Genetic Polymorphisms and phenotype
Both NAT1 and NAT2 are polymorphic genes - to date (Jan 2014) 28 NAT1 alleles and 88 NAT2 alleles have been assigned official symbols by the Arylamine N-acetyltransferase Gene Nomenclature Committee, according to consensus guidelines [Article:18334921] (background). NAT1*4 and NAT2*4 are the reference (or "wildtype") alleles for the respective genes, and most variant alleles differ from these by one or more single nucleotide polymorphisms (SNPs).

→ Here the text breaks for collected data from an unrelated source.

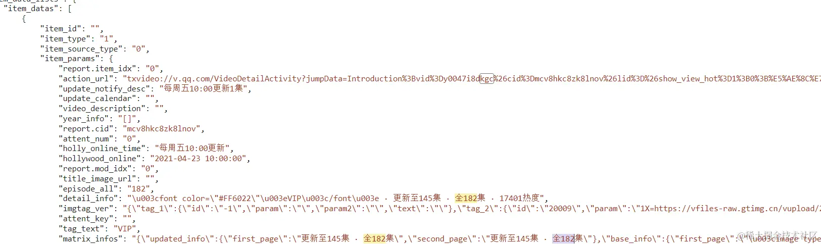在html网页中发现了vid的列表信息,对于网页中数据的提取一般使用正则表达式。这样在我们获取了cid之后,就能获取vid。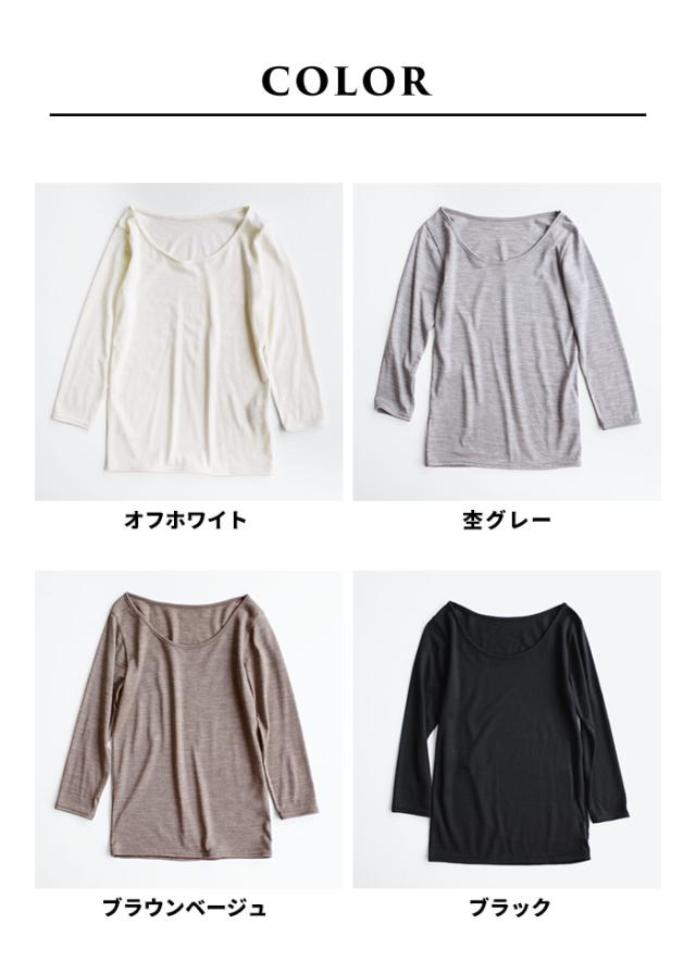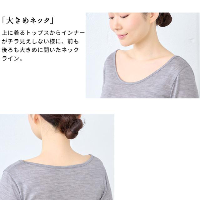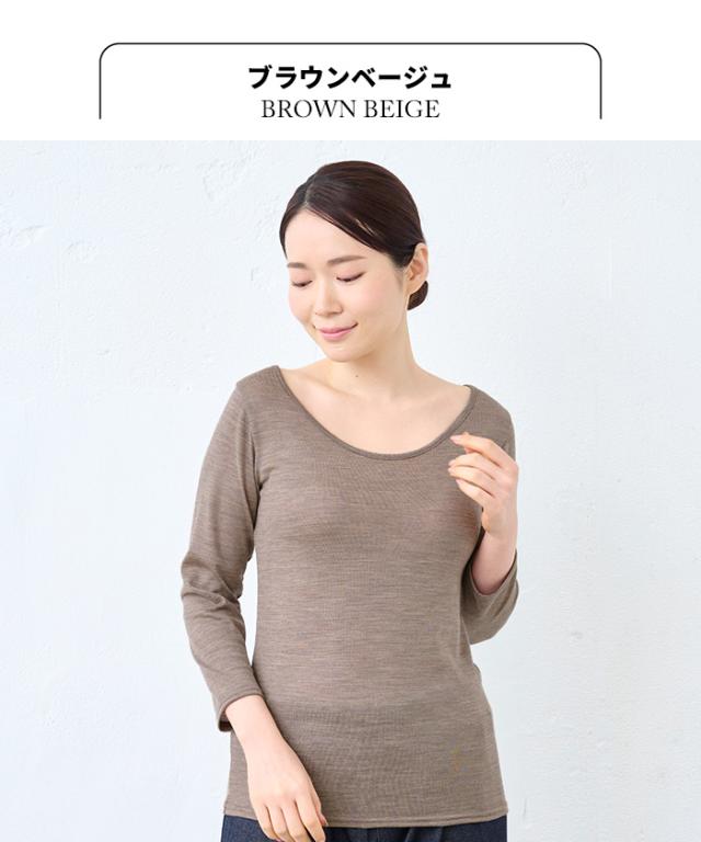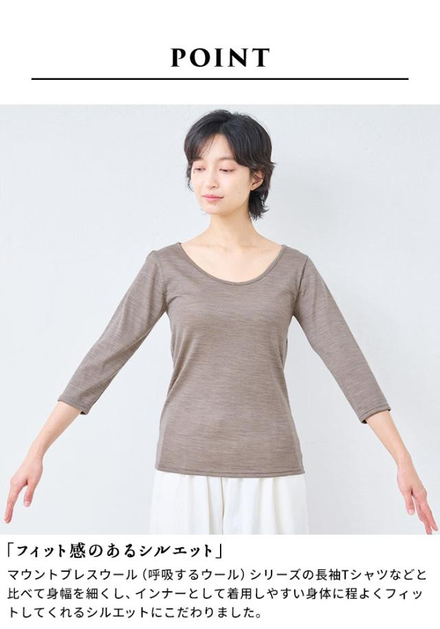 メリノウール インナー レディース 襟ぐり 広め 登山 ウール100% 七分袖 インナーシャツ 襟 広め 日本製 ウォッシャブルウール 毛100 洗えるウール 肌着 アンダーウェア マウントブレスウール 防寒 冷え防止 抗菌 防臭 大きいサイズ 春 秋 冬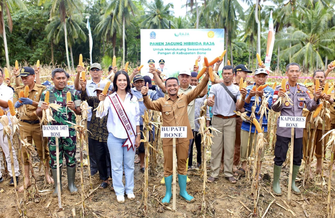 Dukung Swasembada Pangan, Bupati Bone Panen Perdana Jagung Hibrida Di Tellu Siattinge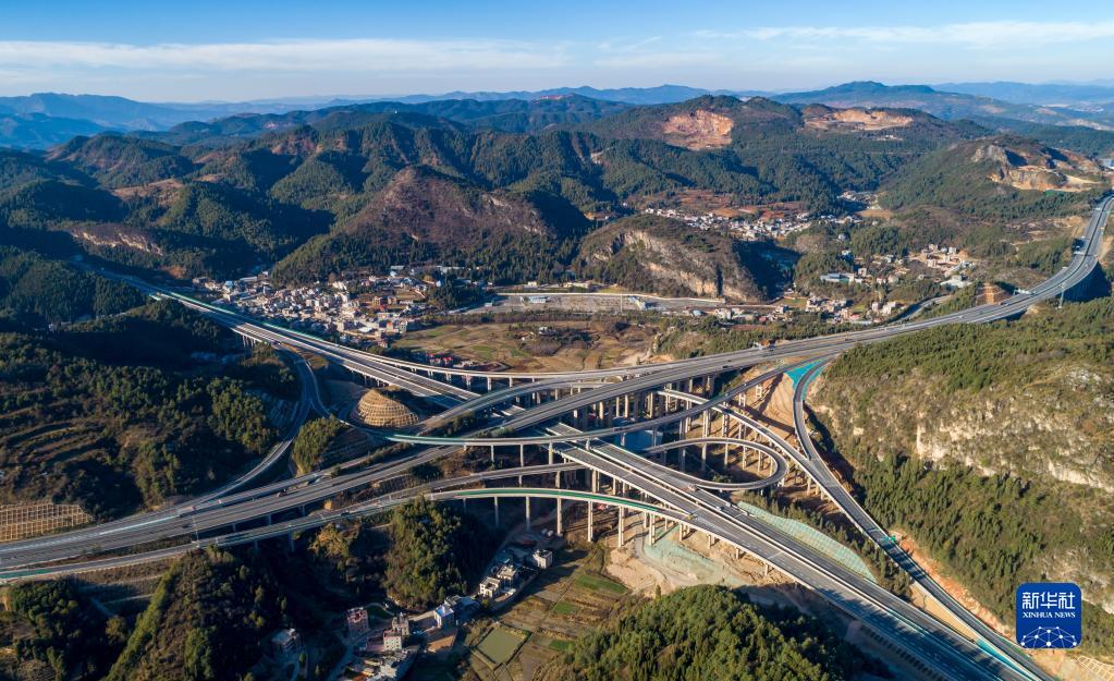 這是12月8日拍攝的新昆楚高速昆明西北繞城樞紐立交,左上到右下是新昆楚高速,左下到右上是昆明繞城高速(無(wú)人機照片)。新華社記者 陳欣波 攝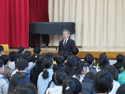 体育館では、全校児童が集まり、朝礼が行われました。はじめに、校長先生のお話を聞きました。その後、二人の先生からのお話を聞きました。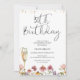 Flores Selvagens aniversário de 30 anos de Vidro de Champagne Convite para flores selvagens, convite para aniversário de 30 anos com um adorável arranjo multicolorido de flor selvagem e vidro de champanhe de cor alta e dourada. Este convite moderno para aniversário de 30 anos de flor silvestre também apresenta um belo cabeçalho de fonte de caligrafia moderna e alguns pontos falsos de brilho dourado.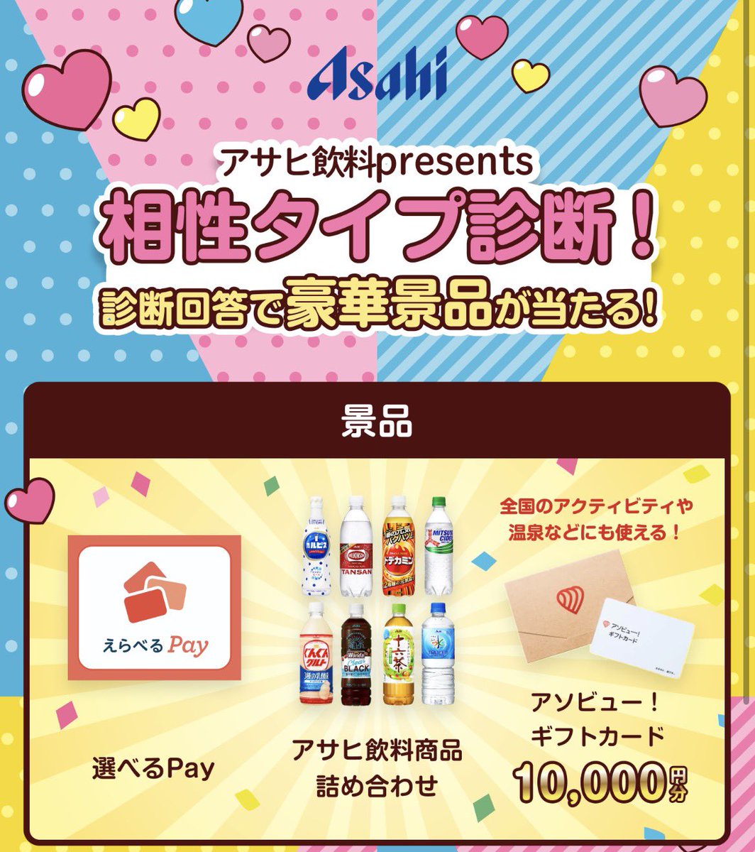 このキャンペーンはアサヒ飲料の公式LINEアカウントを通じて参加できる診断コンテンツで、診断を受けると自分の「相性タイプ」が判定される仕組みだ。さらに、参加者の中から抽選で1万名にえらべるPayなどが当たる懸賞も用意されており、プレゼント目当ての参加者も多い。キャンペーン期間は2026年2月20日から3月13日まで。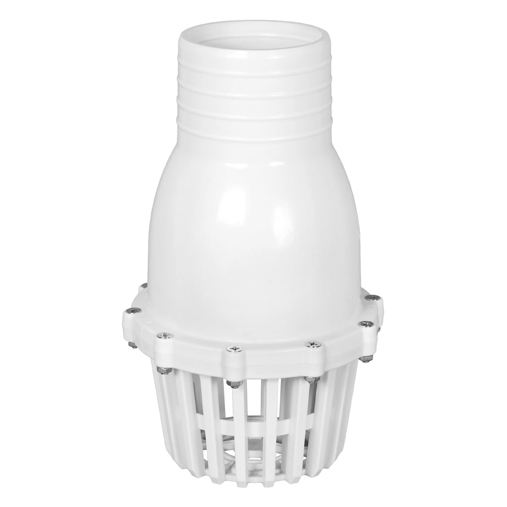 The plastic foot valve is used with jet and centrifugal pumps to filter debris from lakes, wells, and ponds while keeping the pump primed. The thermoplastic valve is corrosion resistant and easy to install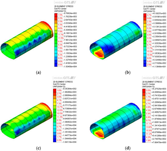 Stress of the initial support under the different cases. (a) Case I-1 maximum principal. (b) Case I-1 minimum principal. (c) Case I-2 maximum principal. (d) Case I-2 minimum principal.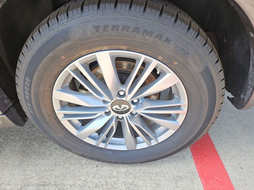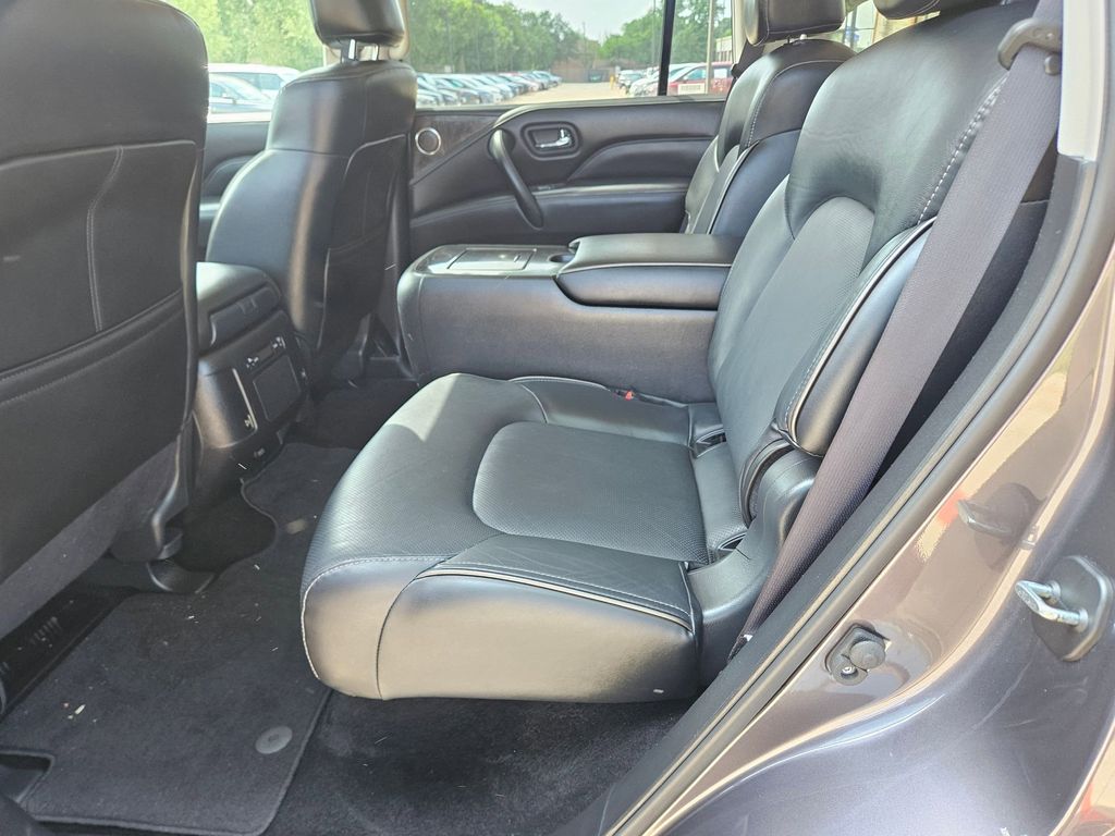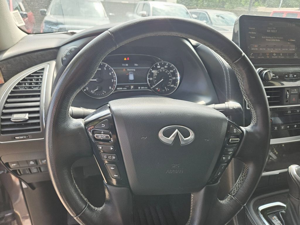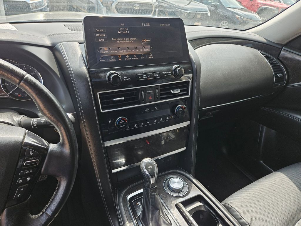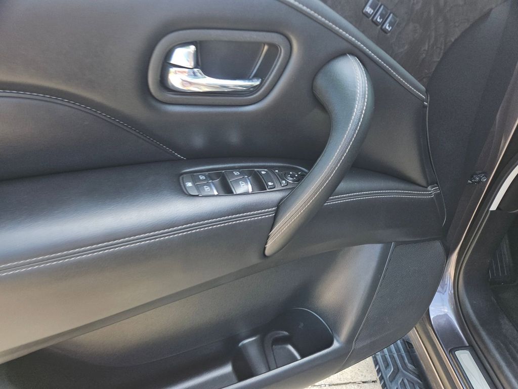 Check out all these great options Avis Certified Certified, 20" Aluminum Alloy Wheels, 3rd row seats: bench, Heated Front Bucket Seats, Heated front seats, Power Liftgate, Power moonroof, Reclining 3rd row seat, Remote keyless entry, 13 Speakers, 2.937 Axle Ratio, 4-Wheel Disc Brakes, ABS brakes, Air Conditioning, Alloy wheels, AM/FM radio: SiriusXM, Anti-whiplash front head restraints, Apple CarPlay/Android Auto, Auto High-beam Headlights, Auto tilt-away steering wheel, Auto-dimming door mirrors, Auto-dimming Rear-View mirror, Auto-leveling suspension, Automatic temperature control, Brake assist, Bumpers: body-color, Compass, Delay-off headlights, Driver door bin, Driver vanity mirror, Dual front impact airbags, Dual front side impact airbags, Electronic Stability Control, Emergency communication system: INFINITI InTouch, Four wheel independent suspension, Front anti-roll bar, Front Bucket Seats, Front Center Armrest, Front dual zone A/C, Front fog lights, Front reading lights, Fully automatic headlights, Garage door transmitter: HomeLink, Heated door mirrors, Heated steering wheel, Illuminated entry, Leather Shift Knob, Leather steering wheel, Leather-Appointed Seats, Literature Kit, Low tire pressure warning, Memory seat, Navigation system: INFINITI InTouch Navigation, Occupant sensing airbag, Outside temperature display, Overhead airbag, Overhead console, Panic alarm, Passenger door bin, Passenger vanity mirror, Power door mirrors, Power driver seat, Power passenger seat, Power steering, Power windows, Radio data system, Radio: Bose Premium Audio System w/13 Speakers, Rain sensing wipers, Rear air conditioning, Rear anti-roll bar, Rear reading lights, Rear seat center armrest, Rear window defroster, Rear window wiper, Security system, Speed control, Speed-sensing steering, Split folding rear seat, Spoiler, Steering wheel memory, Steering wheel mounted audio controls, Tachometer, Telescoping steering wheel, Tilt steering wheel, Traction control, Trip computer, Turn signal indicator mirrors, Variably intermittent wipers, and Voltmeter.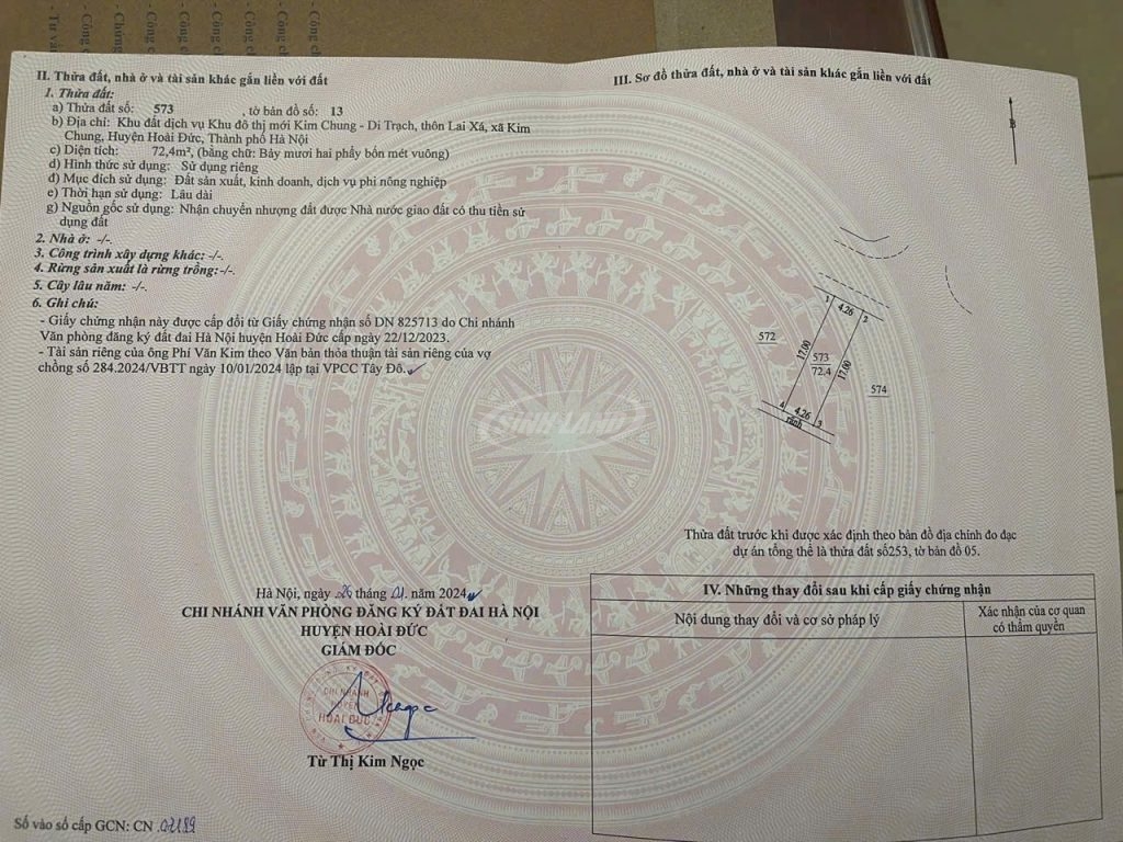 Mảnh đất thuộc khu đất dịch vụ Kim Chung – Di Trạch, đã có sổ đỏ riêng từng thửa, Nhà nước giao đất có thu tiền sử dụng đất, thời hạn sử dụng lâu dài.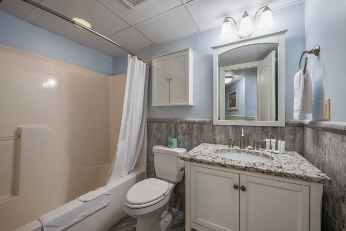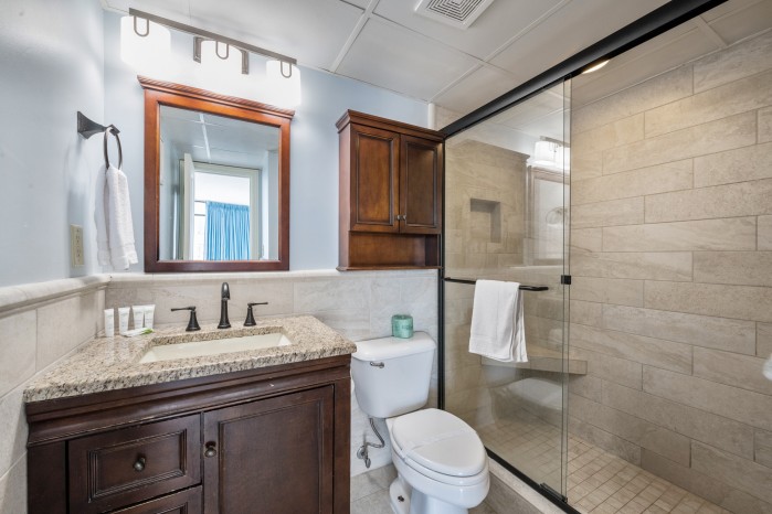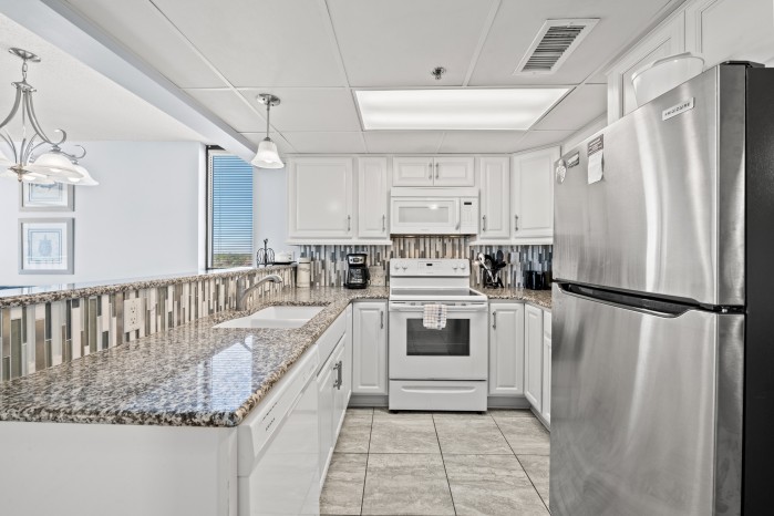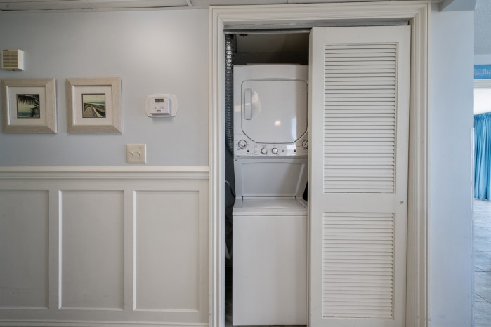 On top of the beautiful ocean views from the master bedroom and balcony, you’ll also be treated to the rental’s indoor and outdoor pools and hot tubs. The rental also includes its own washer and dryer for your convenience.

Many NAT1 alleles result in a phenotype equivalent to that of reference NAT1*4 (*20, *21, *23, *24, *25, *27), some confer a "slow" acetylation phenotype (*14A, *14B, *17, *22), or result in truncated proteins with no enzymatic activity (*15, *19A, *19B), and others are undetermined. Despite these polymorphisms, looking across global human populations the NAT1 sequence seems to be highly conserved, though variation in the 3'-untranslated region (3'UTR) has been maintained [Articles:16416399, 21995608, 21081654].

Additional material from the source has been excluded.